Father Eric had been a double "Bantu Springbok" in rugby and cricket, as a sporting legend of the 1950s and 1960s, and is still referred to by older sports followers as a flyhalf in the mould of Hansie Brewis, Keith Oxlee and Cliff Morgan of Wales.

The details which emerge from this narrative provide an intimate picture of African sport, seen against the background of apartheid, introduced in 1948 as formal state policy.

The impact of the game on other areas of life, and the broader influences that shaped cricket in the African community, are explored minutely.

Prominent figures like Eric Majola's bosom friend and schoolmate (and eventual neighbour in the PE township of New Brighton) Dan Qeqe, a well-known player and administrator, feature prominently in this section of the book.

Majola and his peers often played in Christmas tournaments, run by specially created boards in the rural areas they originated from.
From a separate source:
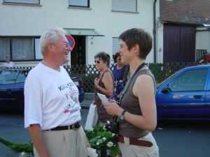 Unser Dieter mußte noch ein längeres Interview über sich ergehen lassen, das unser "Museumsschorsch" mit einer Sonderfahrt auf dem Schubkarren quitierte. (Begleitet von Herrn Keller.)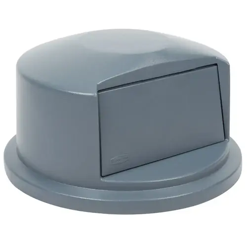 Dome-shaped lid is designed for Rubbermaid Brute 32 gallon waste containers (sold separately). All-plastic, professional-grade construction resists dents and will not rust, chip or peel. Lid snaps on easily and offers secure, stable stacking. Self-swing closing door allows easy trash disposal while keeping odors in and insects, water and rodents out.

One such structure was the Zondeki Cricket Board, founded in 1939 at Izeli by the grandfather of SA international player Monde Zondeki.

Khaya Majola played first-class cricket for 17 years in the 1970s and 1980s, attaining the notable feats of playing in a record number of first-class games and ending up one of three all-rounders in two decades to score more than 2 000 runs and take 200 wickets.

He died prematurely of cancer in 2000 and his contribution as player and administrator to the game nationally was recognised when the national under-19 schools cricket week was named after him.

- Odendaal is also a co-editor (with Krish Reddy and Christopher Merrett) of a UCB-sanctioned two-volume Official History of South African Cricket, 1808-2003 due to be published next year.